Книга: Всеобщая история любви
Назад: Фрейд: истоки желания
Дальше: Все воспламеняет огонь Природа любви

Теория привязанности

Многие великие мыслители, последовав за Фрейдом, спускались в подземные лабиринты психики, вооружившись светильниками той или иной формы и мечтая исследовать самые темные закоулки.
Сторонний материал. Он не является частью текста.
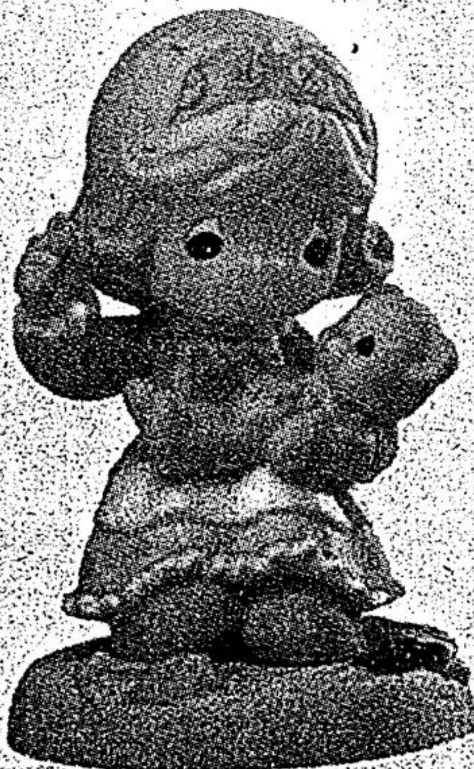
"You Have The Beary Best Heart" $50.00 SRP 730254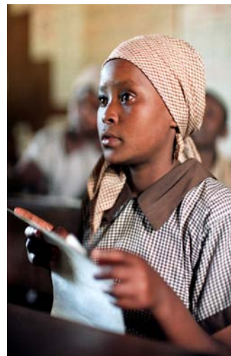
An AIDS orphan attending a special class in the Ngegu Primary School outside Nairobi, Kenya, 2002.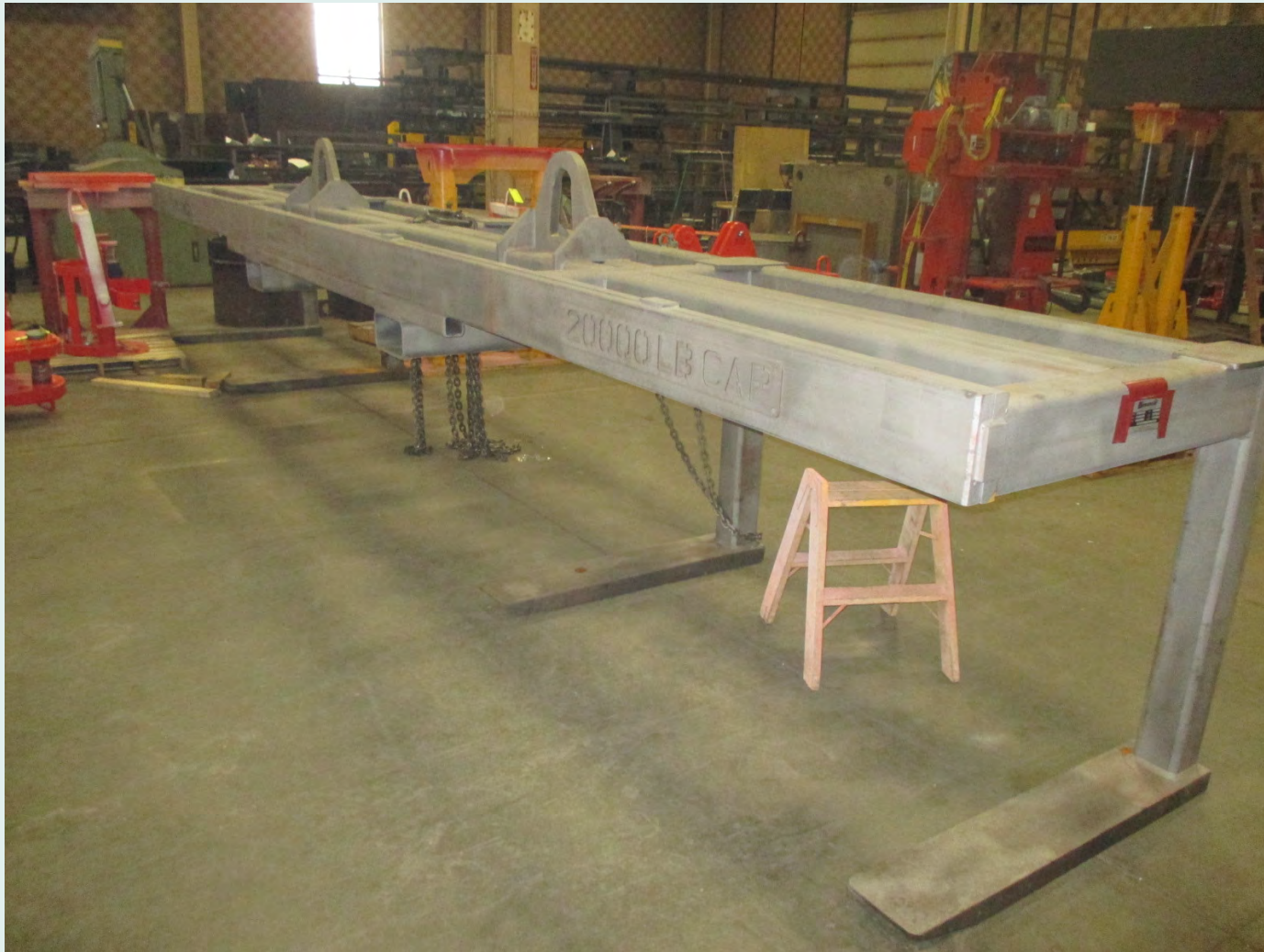
Bushman Model 900 Pallet Lifter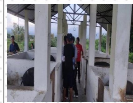
Pashu Sakhis Practical training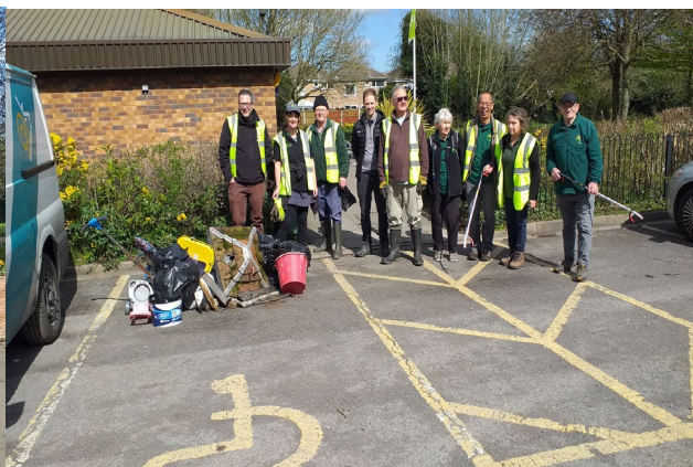
GBSC 2022 Litter Pick After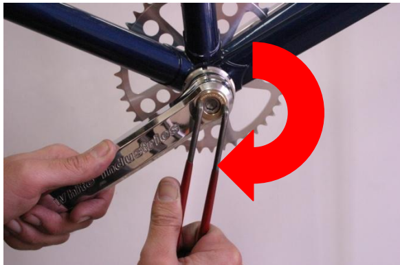
Fig.15 Tighten bronze rings clockwise.

6. Now take the two bronze self-extracting rings and thread them into each of the crank arms. You can start these by hand and finish tightening them with a pin spanner wrench. These are right hand threads, so the rings will tighten clockwise (Fig.15). Don't over tighten them, snug is fine.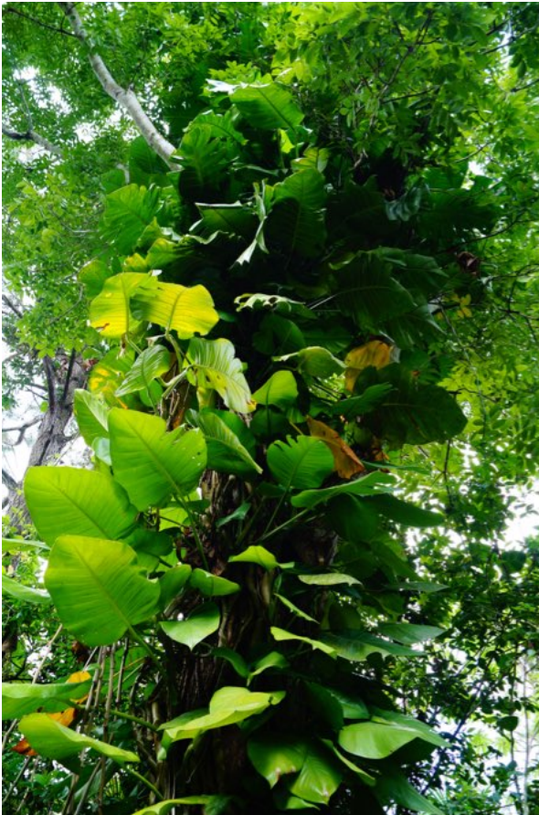
In this lush environment, philodendrons reach for the forest canopy.

Belize Zoo as donations from other zoological institutions.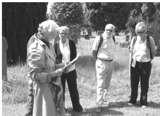
KHS members visit Greyfriars Burial Ground, Perth

The walk took in the Round House built to house Perth Waterworks in 1832, now the home of the J D Fergusson art collection. A visit was paid to Greyfriars Burial Ground where the members were shown some very interesting gravestones and given the history relating to the site and the people buried there. The early usage and development of the use of the Tay for importing and exporting a range of goods giving Perth prosperity was all explained. Some interesting buildings in Tay Street were looked at and the history relating to them given. Having crossed the Tay by the Queen's Bridge, the party walked through Rodney Gardens to see the Sculpture Trail and then recrossed the river by the Railway Bridge built in 1865 passing over Moncreiffe Island back to the starting point of the walk.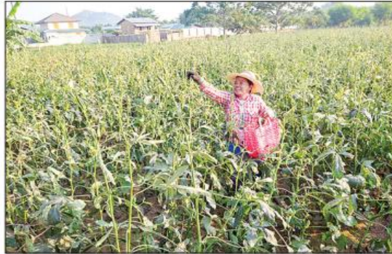
Consuming okra can help people fight against cancer and reduce stress and cure kidney and liver diseases and diabetes.

"I have four acres of farmland. We could not grow the paddy because those farmlands are sandy soil and are located next to the Zaw Gyi river. I have six family members, and I need to use the farmlands effectively to have family income. Now, I have cultivated seasonal crops such as okra, dregea volubilis , eggplant, rosselle, radish and safflower. But, I have cultivated okra for one acre. We don't have to spend the labour charges because family members help grow those seasonal crops. However, the cultivation of the seasonal crops cost over K100,000. Okra takes over 60 days in total from cultivating to harvest, both in the dry season and in winter. We harvest every two days at first, and then, as more plants mature, we harvest every day. About 12 visses of okra have yielded on the first harvest. As there is abundant yield, we have got about 60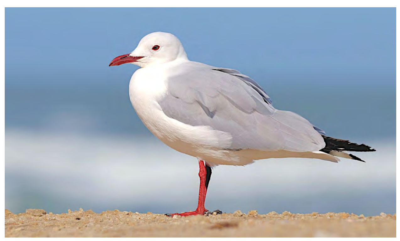
Hartlaub's Gull is a small gull endemic to the west coast of South Africa and Namibia. We'll see them when we visit Walvis Bay and Swakopmund.

A short distance to the east of the dunes is an area of gravel plains cut here and there by small, lightly wooded, dry river beds. We'll search this area for Burchell's Courser, Namaqua Sandgrouse, Pygmy Falcon, Speckled Pigeon, Ashy Tit, Yellow-bellied Eremomela, Mountain Wheatear, Dusky Sunbird, White-throated Canary, Cape Sparrow, and Scaly Weaver (Scaly-feathered Finch). Night at Desert Hills Lodge or Namib Desert Lodge.

Один только перечень всех психоаналитических теорий любви, развивавших, опровергавших или заимствовавших гипотезы Фрейда, занял бы несколько страниц. Поскольку этими исследованиями занимались многие, на вопрос «Что такое любовь?» давались весьма оригинальные ответы. Некоторые думали, что любовь – это стремительное бегство от себя, своего рода бередящая, будоражащая, подобная наркомании пагубная привычка. Некоторые клялись, что любовь – это приобретенная ранимость. Франсуа де Ларошфуко писал: «Есть люди, которые бы никогда не влюбились, если бы они никогда не слышали о любви». Кое-кто утверждал, что любовь – это всего лишь самообман и фантазия. Как однажды непочтительно сформулировал Джон Берримор, «любовь – это восхитительный промежуток между тем моментом, когда ты встретил девушку, и тем, когда заметил, что она похожа на воблу». Кто-то считал любовь нарциссическим приключением, в процессе которого люди, чувствуя себя неполноценными, используют других, чтобы совершенствоваться самим. Одни проводили различие между слепой страстью и «настоящей» любовью. Другие задавались вопросом о том, что же такое любовь – поведение или отношение. Третьи составляли перечень разновидностей и стадий любви. Четвертые отличали пыл юношеских отношений от более продолжительной и доверительной «любви-дружбы», которую испытывают супруги в долгом браке. Более того, любовь рассматривалась с такого множества точек зрения, была так разнообразно оценена, что уже можно было бы составить атлас или рельефную карту, где представлены ее берега и горные цепи, границы и внутренние районы. Однако те, кто изучает любовь, все еще стоят у границы, а для тех, кто по ней путешествует, – это все еще только что открытая земля.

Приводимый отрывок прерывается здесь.